A bold effort to counter the spread of extremism in the Middle East, the program seeks to inject creativity and new thinking into America’s engagement with youths, media, educators, and other key actors struggling for openness and tolerance in Arab and Muslim societies.

Among “the talents of Washington Institute scholars and associates” that Project Fikra brings together is David Pollock, whom it describes as “an expert on Middle Eastern public opinion and polling who worked as a leader on regional democratization and women’s rights.”

Apart from Pollock, a substantial number of Fikra Forum contributors are current or former WINEP fellows, including Ahmed Ali, Jon Alterman, Hassan Barari, Soner Cagaptay, J. Scott Carpenter, Steven Cook, Andrew Engel, Daniel Green, Dina Guirguis, Simon Henderson, David Makovsky, Joshua Muravchik, Magnus Norell, Michael Rubin, Robert Satloff, David Schenker, Michael Singh, Andrew Tabler, Eric Trager, and Margaret Weiss.

The rest of the contributors are from other pro-Israel think tanks, the Foundation for Defense of Democracies and the American Enterprise Institute; Soros-funded groups such as Human Rights Watch, Human Rights First, and the Center for American Progress; various “democracy-promotion” organizations led by the National Endowment for Democracy and its affiliates; and an abundance of pro-democracy activists, bloggers and journalists they “helped nurture,” fomenting the wave of uprisings known as the “Arab Spring.”

While Pollock and many of the other Fikra contributors work for Israel’s U.S. lobby, perhaps the most interesting contributor to an online forum supposedly dedicated to Arab democracy is the aforementioned Josef Olmert. Although his Fikra Forum profile does acknowledge that the Israeli analyst was a director of the Government Press Office and advisor to former Prime Minister Yitzhak Shamir and later served as policy advisor to former Defense Minister Moshe Arens, it emphasizes his role as a “peace negotiator.” Fikra Forum readers are not informed, however, that Dr. Olmert is the brother of former Prime Minister Ehud Olmert or that both of their parents belonged to the terrorist Irgun organization.

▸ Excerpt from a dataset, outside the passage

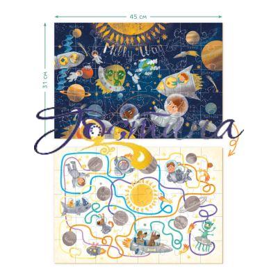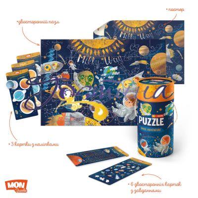 Пазл та гра від нового бренду Mon puzzle Двостороння навчальна пазл-гра «Космічна пригода» познайомить малюка з будовою Сонячної системи, різні завдання на картках обов'язково захоплять дитину і сформують перші уявлення про астрономію.  Пазл призначений для малюків від трьох років, але діти молодшого віку можуть для початку спостерігати, слухати, розглядати і грати з елементами.  Для безпеки малюка ми робимо елементи пазла зі щільного картону, великими і з закругленими кутами.  Пазл-гра тренує:   - Просторове мислення  - Дрібну моторику  - Пам'ять  - Логіку  - Творчі навички  - Посидючість  Вік: від 3-х років? Комплектація: 1 двосторонній пазл, 1 двосторонній постер, 3 картки із наліпками, 6 карток із завданнями Кількість елементів: 40 Розмір пазла: 31х45 см

Although Josef Olmert predicted elsewhere a “chaotic transition” in which “the violence that will unfold in Syria will dwarf everything that we have witnessed until now,” he assures Fikra Forum readers that “all support that could enable the FSA to continue and intensify its operations, alongside the continuing popular resistance, will help shorten the days of the dictatorship and save the lives of many innocent Syrians.”

Maidhc Ó Cathail has written extensively on Israel’s push for regime change in Syria.